## Assignment
Omit all images, then repeat exactly the lines below from the one containing "栄養が豊富のにんじんしりしり" through the one containing "Az üveg, vezeték", both ends included.

## Recorded data

# # #

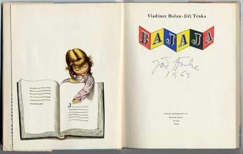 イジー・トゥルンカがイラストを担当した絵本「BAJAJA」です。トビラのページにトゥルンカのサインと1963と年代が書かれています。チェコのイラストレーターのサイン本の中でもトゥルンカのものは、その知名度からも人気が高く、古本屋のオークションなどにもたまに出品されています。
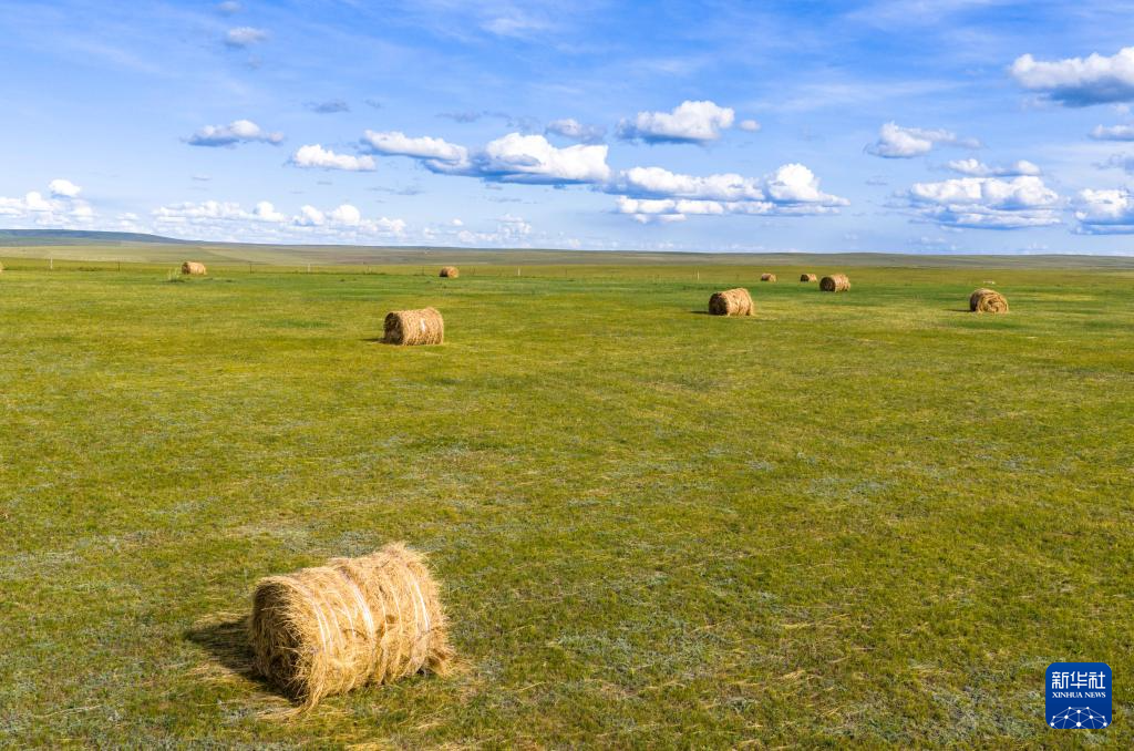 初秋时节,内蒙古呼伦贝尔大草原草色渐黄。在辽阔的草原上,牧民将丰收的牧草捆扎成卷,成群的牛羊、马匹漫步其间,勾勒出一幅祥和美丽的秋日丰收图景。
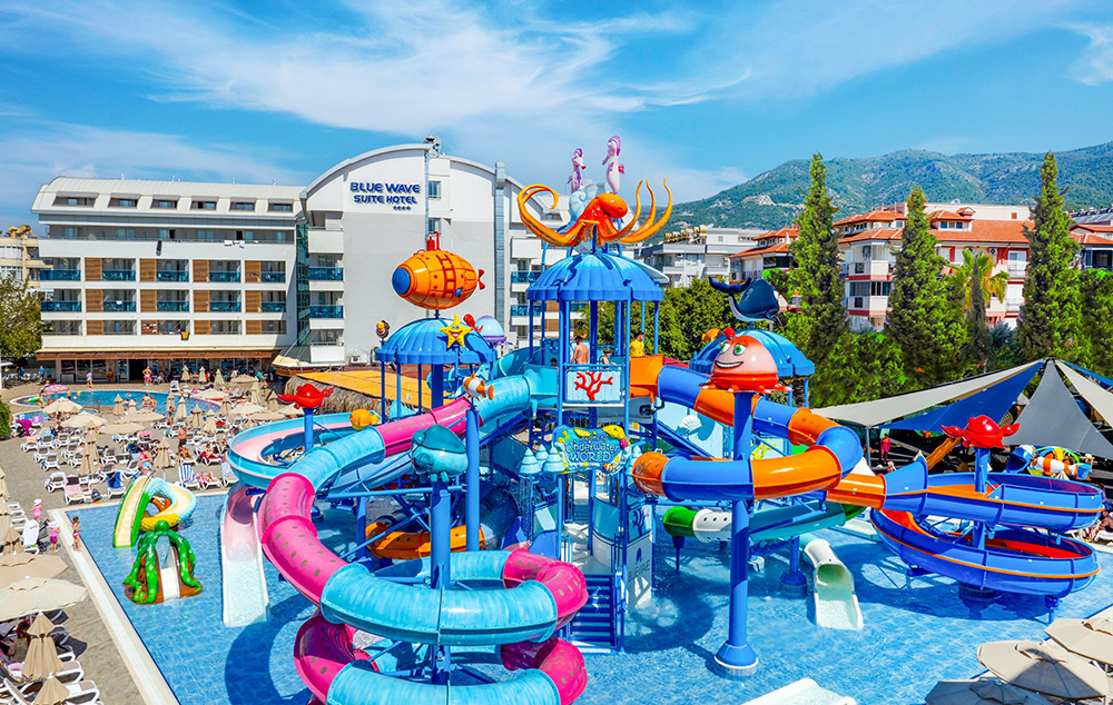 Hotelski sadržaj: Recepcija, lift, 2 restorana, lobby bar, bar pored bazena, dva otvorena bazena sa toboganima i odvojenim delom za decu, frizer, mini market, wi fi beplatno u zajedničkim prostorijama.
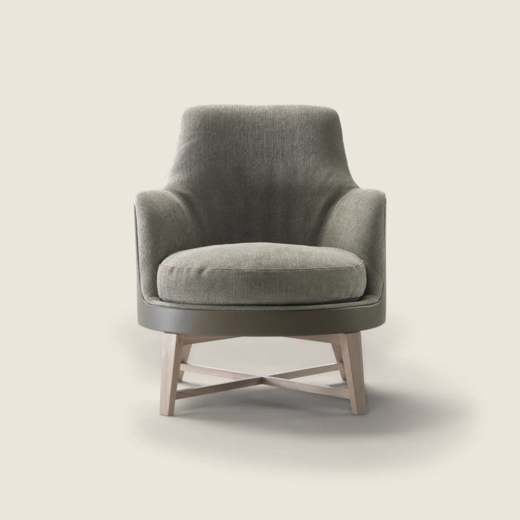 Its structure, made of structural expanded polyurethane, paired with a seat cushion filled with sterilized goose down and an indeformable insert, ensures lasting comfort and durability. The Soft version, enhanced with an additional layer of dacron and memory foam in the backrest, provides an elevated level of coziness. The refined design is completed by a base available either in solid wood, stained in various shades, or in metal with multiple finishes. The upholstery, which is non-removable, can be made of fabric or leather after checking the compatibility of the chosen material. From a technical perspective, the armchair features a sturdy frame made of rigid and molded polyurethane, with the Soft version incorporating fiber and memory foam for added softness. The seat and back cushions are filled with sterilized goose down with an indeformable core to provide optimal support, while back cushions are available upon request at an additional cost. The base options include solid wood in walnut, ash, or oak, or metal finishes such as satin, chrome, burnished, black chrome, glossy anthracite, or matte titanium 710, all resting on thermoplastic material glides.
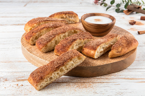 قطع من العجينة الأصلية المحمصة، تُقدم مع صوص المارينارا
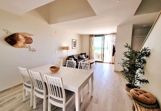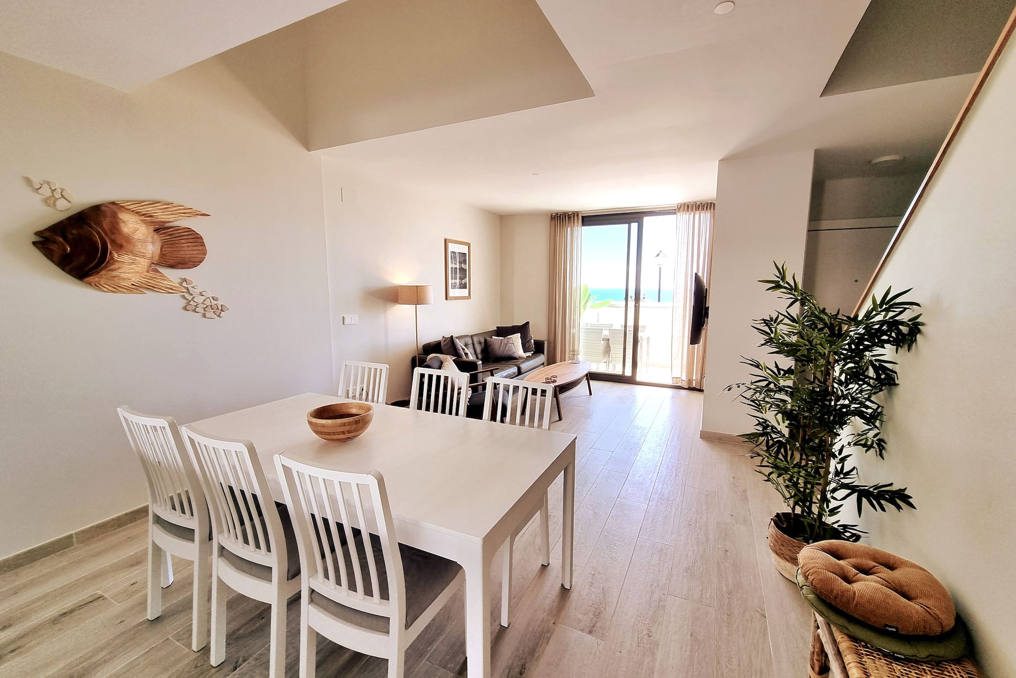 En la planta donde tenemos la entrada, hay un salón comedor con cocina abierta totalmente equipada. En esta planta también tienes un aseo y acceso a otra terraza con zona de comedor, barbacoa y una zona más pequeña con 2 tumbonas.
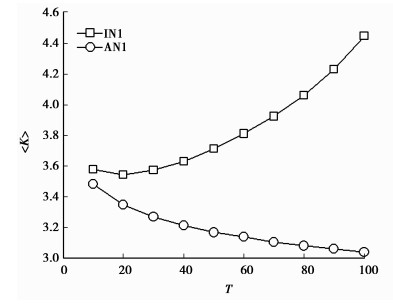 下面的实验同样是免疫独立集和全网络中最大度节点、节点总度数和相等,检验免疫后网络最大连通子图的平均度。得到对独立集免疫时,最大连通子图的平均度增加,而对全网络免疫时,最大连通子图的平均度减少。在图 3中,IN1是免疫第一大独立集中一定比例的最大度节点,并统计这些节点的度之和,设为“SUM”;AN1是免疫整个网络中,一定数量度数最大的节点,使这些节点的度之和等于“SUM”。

# # #

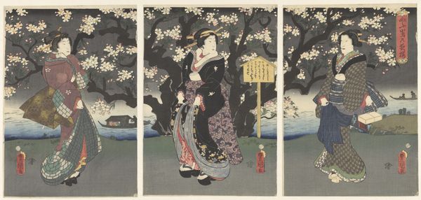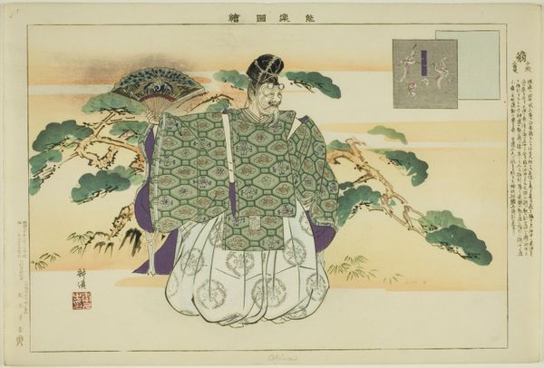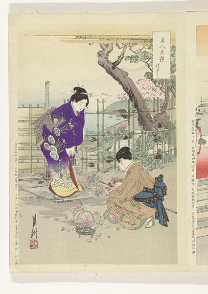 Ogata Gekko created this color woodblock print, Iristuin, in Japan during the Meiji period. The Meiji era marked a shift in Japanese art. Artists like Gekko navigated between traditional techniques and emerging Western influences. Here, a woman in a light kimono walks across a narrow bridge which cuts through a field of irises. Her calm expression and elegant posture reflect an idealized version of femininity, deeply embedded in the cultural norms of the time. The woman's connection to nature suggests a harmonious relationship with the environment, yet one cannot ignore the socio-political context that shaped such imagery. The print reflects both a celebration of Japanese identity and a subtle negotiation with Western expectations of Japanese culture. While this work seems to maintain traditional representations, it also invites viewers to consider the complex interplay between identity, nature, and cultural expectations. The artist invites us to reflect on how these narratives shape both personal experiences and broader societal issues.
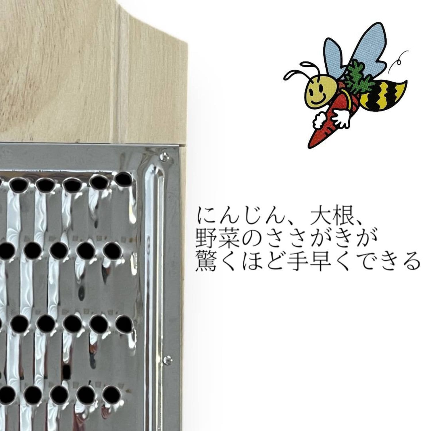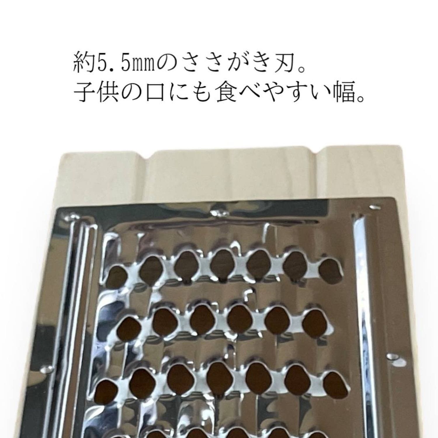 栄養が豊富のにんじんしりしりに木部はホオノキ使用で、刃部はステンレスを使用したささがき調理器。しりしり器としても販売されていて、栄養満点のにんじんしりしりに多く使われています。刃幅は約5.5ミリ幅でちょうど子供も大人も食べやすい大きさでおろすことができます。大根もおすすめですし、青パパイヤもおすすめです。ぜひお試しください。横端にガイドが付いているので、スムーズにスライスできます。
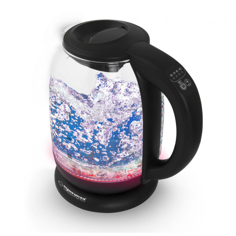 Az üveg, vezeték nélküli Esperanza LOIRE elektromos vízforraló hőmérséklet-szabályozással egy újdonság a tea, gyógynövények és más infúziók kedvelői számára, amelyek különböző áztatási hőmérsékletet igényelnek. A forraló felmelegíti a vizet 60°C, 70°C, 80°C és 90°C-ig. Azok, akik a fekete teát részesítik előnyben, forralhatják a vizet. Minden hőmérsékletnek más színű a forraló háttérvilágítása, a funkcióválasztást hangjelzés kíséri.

# # #

## Problem solution
 栄養が豊富のにんじんしりしりに木部はホオノキ使用で、刃部はステンレスを使用したささがき調理器。しりしり器としても販売されていて、栄養満点のにんじんしりしりに多く使われています。刃幅は約5.5ミリ幅でちょうど子供も大人も食べやすい大きさでおろすことができます。大根もおすすめですし、青パパイヤもおすすめです。ぜひお試しください。横端にガイドが付いているので、スムーズにスライスできます。
 Az üveg, vezeték nélküli Esperanza LOIRE elektromos vízforraló hőmérséklet-szabályozással egy újdonság a tea, gyógynövények és más infúziók kedvelői számára, amelyek különböző áztatási hőmérsékletet igényelnek. A forraló felmelegíti a vizet 60°C, 70°C, 80°C és 90°C-ig. Azok, akik a fekete teát részesítik előnyben, forralhatják a vizet. Minden hőmérsékletnek más színű a forraló háttérvilágítása, a funkcióválasztást hangjelzés kíséri.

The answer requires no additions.